735.Asteroid Collision

Objective

All elements of ans will be residual asteroids after all collision occur.

Intuition - Incremental Approach

Flow of Incremental Approach
Assume that we have the result of given ~ (i-1)-th inputs.
at i-th iteration, we should compute the result ~ i-th inputs satisfying the objective of a problem.
In this way, we can get the final result by scanning all inputs.

You can solve this problem by gradually scanning each asteroid and adding the result to ans, taking into account the crash cases.
Assume that we already have ans when i-th iteration.
When we meet new , which is a i-th asteroid, we can notice the fact as follows.

Note that asteroids of ans from the top to bottom are affected until being stable when dealing with i-th iteration if collisions occur.

Therefore, we can use stack data structure to ans.
We can use stack as ans by updating ans from top to bottom when dealing with i-th iteration,

How to solve using a stack in detail?

Append new asteroid for each iteration by considering as follows.
If collision cases(new < 0 < top) occur, there are two cases.

1. abs(top) < abs(new) - ans blows up. However, new is still alive. so, see next top of ans.
2. abs(top) == abs(new) - both ans and new blow up. so, it becomes stable. (get out while loop)

In [1]:

class Solution(object):
    def asteroidCollision(self, asteroids):
        """
        :type asteroids: List[int]
        :rtype: List[int]
        """
        ans = [] # ans is a stack: elements of ans will be residual asteroids after all collision occur.
        for new in asteroids:
            # all collision cases
            # - At first, ans is not empty. (first requirement condition) 
            #   - Also, top of ans is postivie and new is negative.
            while ans and new < 0 < ans[-1]:
                # case 1 - top blows up, but new is still alive.
                if abs(ans[-1]) < abs(new):
                    ans.pop()
                    continue # see the next top of ans
                # case 2 - both top ans new blow up, it becomes stable.
                elif abs(ans[-1]) == abs(new):
                    ans.pop()
                # etc - ans does not change.
                break # get out the while loop.
            else: # [important]: to avoid the case that `new` blows up, but append the new to ans. 
                # if it goes through the while loop, where is above, avoid this line. 
                ans.append(new)
        return ans
sol = Solution()

In [2]:

A = [5, 10, -5]
sol.asteroidCollision(A)

[5, 10]

Report

When I solved this problem, there were two things to think.

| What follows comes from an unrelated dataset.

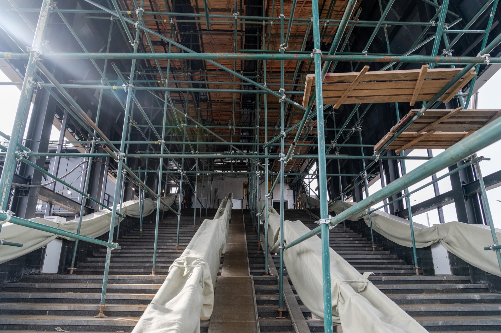 При строительстве станции используются сваебойное и буровое оборудование, экскаваторы, грейферы, бульдозеры и фронтальные погрузчики, башенные, гусеничные и автомобильные краны разной грузоподъемности. Так, для монтажа несущего каркаса (структуры) декоративной оболочки применялись гусеничные краны грузоподъемностью 750 тонн.

1. It was hard to think that ans is used as stack datastruture.
   I cannot notice this fact when I solve this problem firstly.
   However, I can figure out the use of stack makes the problem be solved incrementally.
2. Hard to implement the exception cases.
   • I could not know how to deal with collision cases.

       while ans and new < 0 < ans[-1]:
     

     In python, at the while condition, ans should be non-empty, and new < 0 < ans[-1] I thought that ans[-1] is impossible because when ans is empty at first step, the -1 is out of index. However, fortunately, In python, if first condition is false, the python does not see the second condition!. so, out of index error does not occur.

   • when abs(ans[-1]) == abs(new): occurs, both ans ans new blow up. Therefore, we should not append new because it disappears by collision. I was confused at how to implement this. Luckly, In python, while or else is possible.

       while condition:
           # ...
       else: # [important]: to avoid the case that `new` blows up, but append the new to ans.  
           ans.append(new)
     

In [3]:

# test
while 1:
    print("hi")
    break
else:
    print("hello")

hi

In [4]:

# test
while 0:
    print("hi")
    break
else:
    print("hello")

hello